__Raw data__:
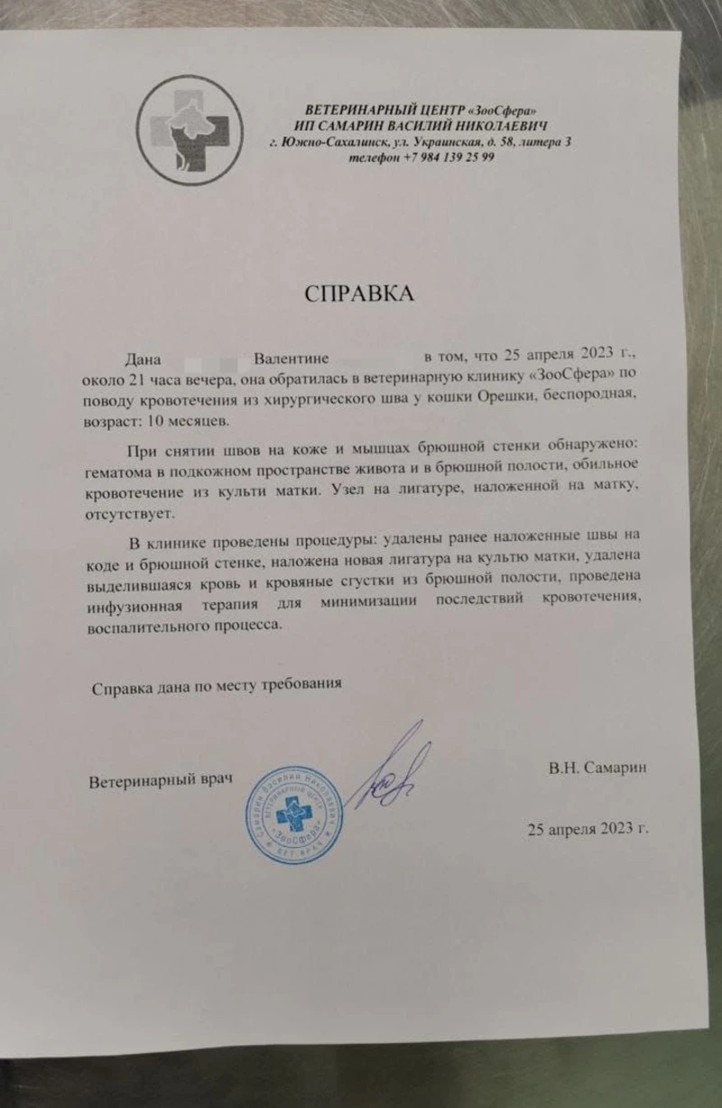«Я прочитал на 2Gis письмо этой хозяйки, даже не стал отвечать, потому что она утверждает, что начал кровить шов и она обратилась в какую-то другую ветеринарную лечебницу, а там было какое-то внутреннее кровотечение. К сожалению, в Южно-Сахалинске этики среди ветеринарных врачей очень мало. Я знаю, куда она обратилась, потому что мы все друг друга знаем. Нужно понимать, что ветеринария — это маркетинг, и для того, чтобы заработать денег, кошке делали какую-то операцию. Любой разумный человек должен понимать, что при внутреннем кровотечении наружный шов кровить не будет и кошка умрет через три часа», — прокомментировал ветеринар.
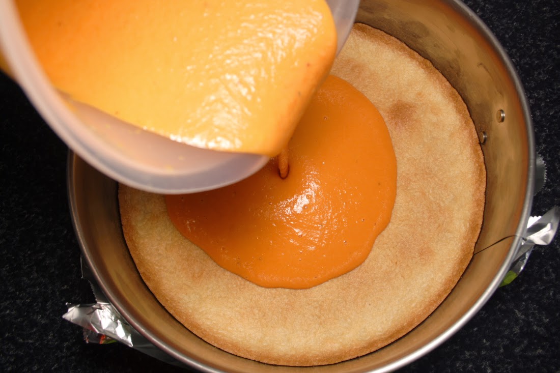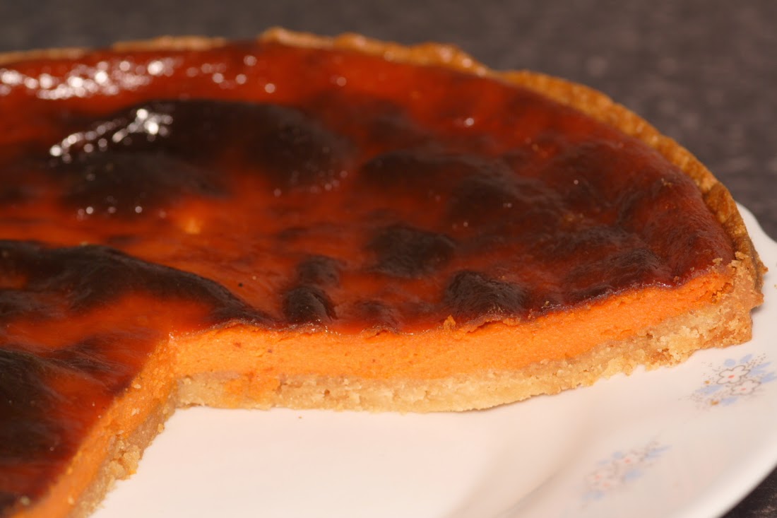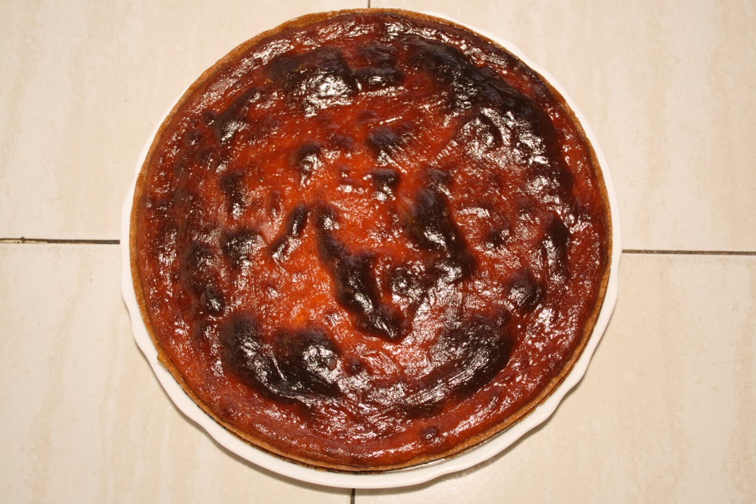 Vertemos la crema sobre la pasta quebrada ya dorada y metemos al horno 180ºC, calor arriba y abajo durante 40 minutos.
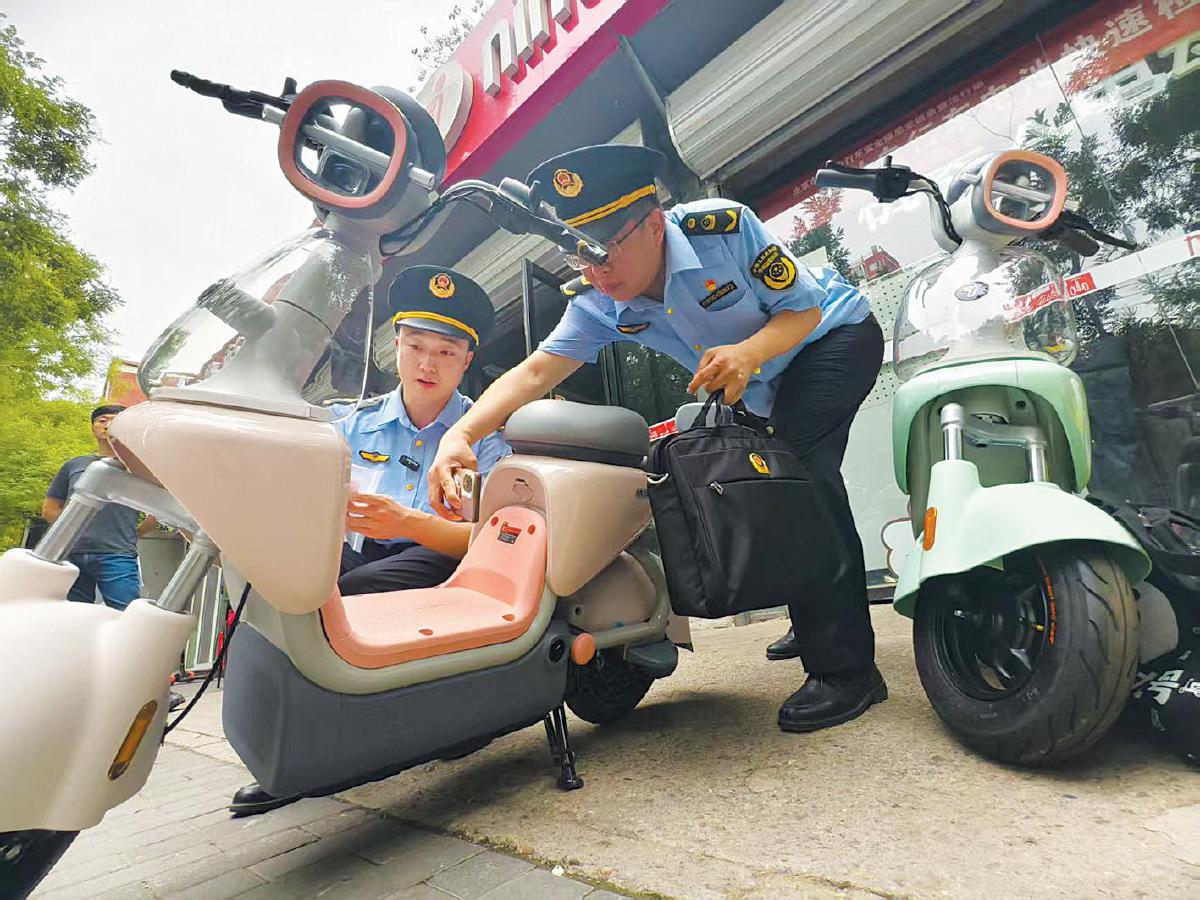 8月26日,海淀区市场监管局对辖区内一家电动自行车销售门店开展专项执法检查。新京报记者浦峰摄

__What to produce__: Output the full material exactly as given, without its pictures.

__Written reply__:
«Я прочитал на 2Gis письмо этой хозяйки, даже не стал отвечать, потому что она утверждает, что начал кровить шов и она обратилась в какую-то другую ветеринарную лечебницу, а там было какое-то внутреннее кровотечение. К сожалению, в Южно-Сахалинске этики среди ветеринарных врачей очень мало. Я знаю, куда она обратилась, потому что мы все друг друга знаем. Нужно понимать, что ветеринария — это маркетинг, и для того, чтобы заработать денег, кошке делали какую-то операцию. Любой разумный человек должен понимать, что при внутреннем кровотечении наружный шов кровить не будет и кошка умрет через три часа», — прокомментировал ветеринар.
 Vertemos la crema sobre la pasta quebrada ya dorada y metemos al horno 180ºC, calor arriba y abajo durante 40 minutos.
 8月26日,海淀区市场监管局对辖区内一家电动自行车销售门店开展专项执法检查。新京报记者浦峰摄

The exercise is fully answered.